If you’re reading wired.com, you almost certainly know the right way to sign in to a social site like Facebook, Twitter, or Pinterest. But there’s a chance your friends and relatives are doing it all wrong, and playing into the hands of illicit businesses in the process.
The right way to sign into one of these sites is to click on a bookmark or to simply type a web address into your browser. But people who are feeling lazy, or who are inexperienced with bookmarks or entering URLs, will often just search for terms like “Twitter login” or “Pinterest sign in” to get where they want to go. Some 151 million people search for the term “Facebook login” on Google each month, according to Google's advertising database.

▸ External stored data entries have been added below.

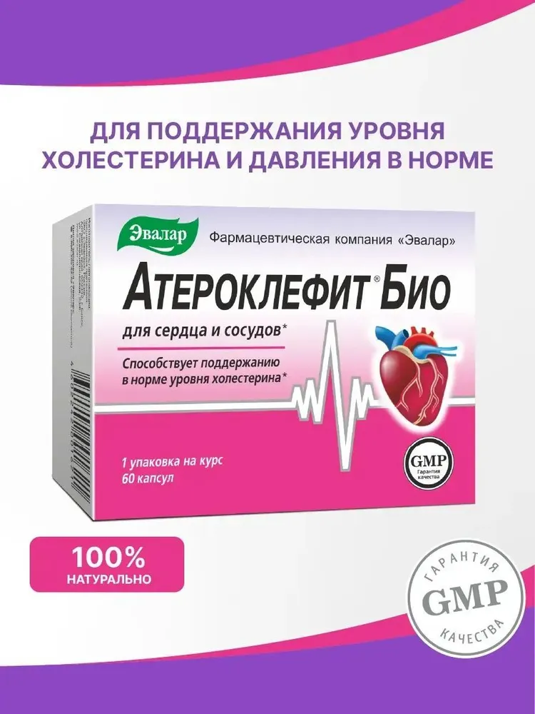БАД Эвалар Атерокдефит БИО помогает поддерживать нормальный уровень холестерина, улучшать состояние сосудов, снижать артериальное давление и снижать риск атеросклероза.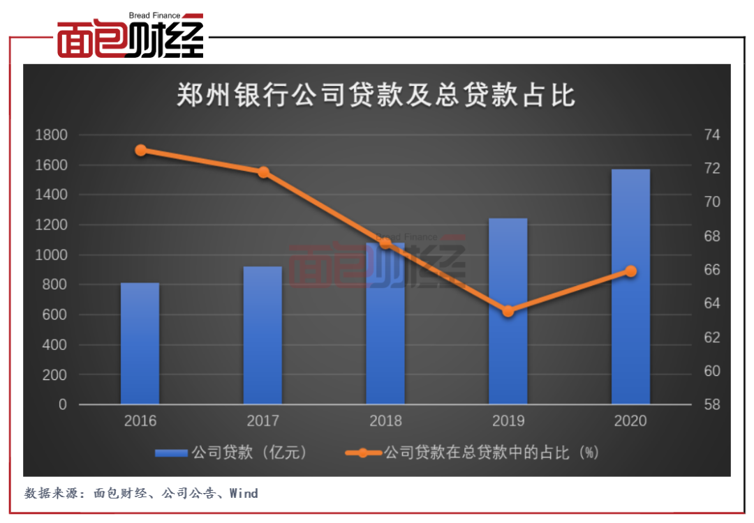 年报显示,郑州银行的公司贷款主要围绕“商贸金融、小微金融、市民金融”三大特色业务,截至2020年末,该行公司贷款总额为1569.54亿元,占该行贷款总额的65.96%,较上年末增加人民币323.88亿元,增幅为26%。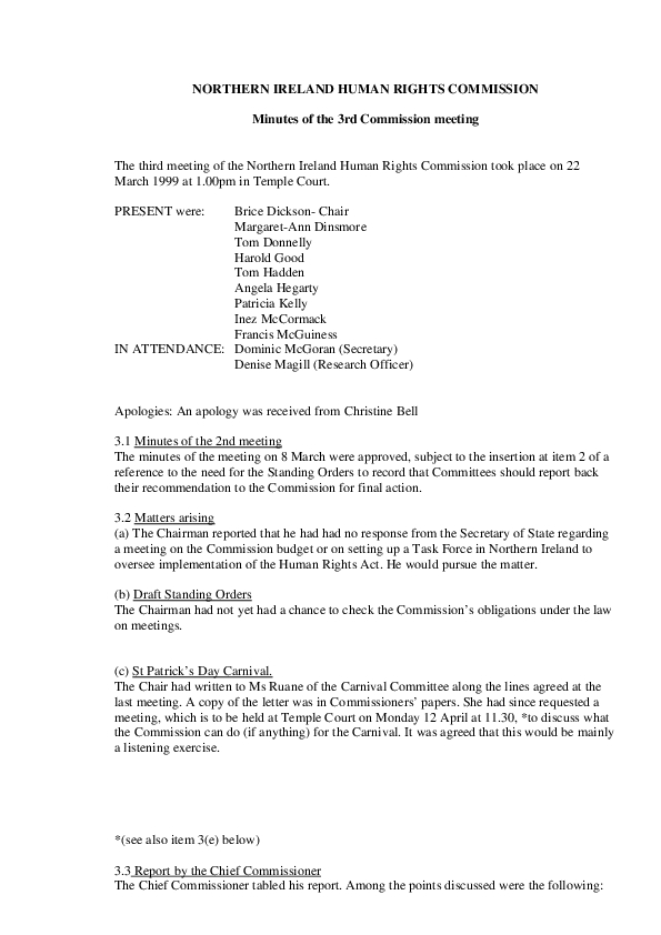 Minutes of the 3rd Commission Meeting, held on 22 March 1999.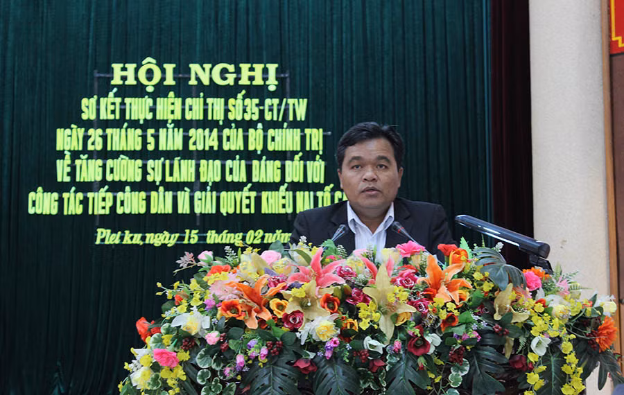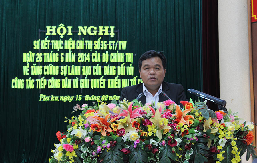 (GLO)- Sáng 15-2, tại Hội trường 2-9 (TP. Pleiku), Tỉnh ủy đã tổ chức Hội nghị sơ kết thực hiện Chỉ thị số 35-CT/TW ngày 26-5-2014 của Bộ Chính trị về tăng cường sự lãnh đạo của Đảng đối với công tác tiếp công dân và giải quyết khiếu nại, tố cáo. Các đồng chí: Dương Văn Trang-Ủy viên Ban Chấp hành Trung ương Đảng, Bí thư Tỉnh ủy, Chủ tịch HĐND tỉnh; Hồ Văn Niên-Ủy viên dự khuyết Ban Chấp hành Trung ương Đảng, Phó Bí thư Thường trực Tỉnh ủy, Trưởng đoàn đại biểu Quốc hội tỉnh; Võ Ngọc Thành-Phó Bí thư Tỉnh ủy, Chủ tịch UBND tỉnh đồng chủ trì hội nghị. Tham dự hội nghị còn có các đồng chí lãnh đạo HĐND, UBND, Ủy ban MTTQ Việt Nam tỉnh, các ban Đảng Tỉnh ủy và Bí thư, Chủ tịch, Chánh Thanh tra các huyện, thị xã, thành phố.

Scammers then buy keywords or create websites to show up in these login searches, and redirect unwitting social media users to their own pages. So rather than heading to Facebook as you expected, you land on an ugly collection of text and blinking ads. Once captured, users are encouraged to click on advertisements or to install a browser toolbar that will change their default search engine. The owner of the illicit website earns a commission on each ad click and on search toolbar queries.
One scam site even created a “Pinterest desktop app” (click through at your own peril) promoted in a way that implies it comes from the so-named image-collection network, reports BrandVerity, which specializes in spotting such cons. The app installer prompts the user to also install the AOL Toolbar, DefaultTab Search Toolbar, GetSavin toolbar, Norton Security Scan Toolbar, which will pop up ads on your computer.
And of course the ultimate nightmare scenario is a fake login site run by criminal hackers who trick you into handing over your sign in credentials so they can make a far more serious cash grab.
Generally speaking, tech savvy users aren’t going to be fooled by these trickster sign-in sites. For one thing, such users tend to use Google, which does a very good job of screening out log-in page impersonators. BrandVerity’s survey found the scams are concentrated on results pages at AOL, Ask and, to a lesser extent, Bing and Google Mobile. You can also find some misleading ads on Yahoo. These are search engines you’ll tend to use only if you don’t know how to change the defaults on your computer. Even if you’ve seen the fake login page and clicked, the scam sites have to further dupe you into thinking that clicking on an ad link or installing a browser toolbar will somehow get you to a social sign-in page. You’ve basically got to be a sucker for spyware and malware to fall for one of these scams. Sadly, there are plenty such suckers out there.
For scammers, the financial stakes here seem to be quite low; a few pennies of advertising revenue or toolbar commissions here and there. But as the log-in cons get more sophisticated, there’s a risk to the social sites that are being impersonated.
“By luring in users and pretending to be the actual brand, [scammers] can lead those users to attribute their negative experiences (frustrating toolbars, ad-filled landing pages, etc.) to the real brand,” BrandVerity writes. “Not only does that weaken the brand, it can easily result in some user fatigue and attrition.”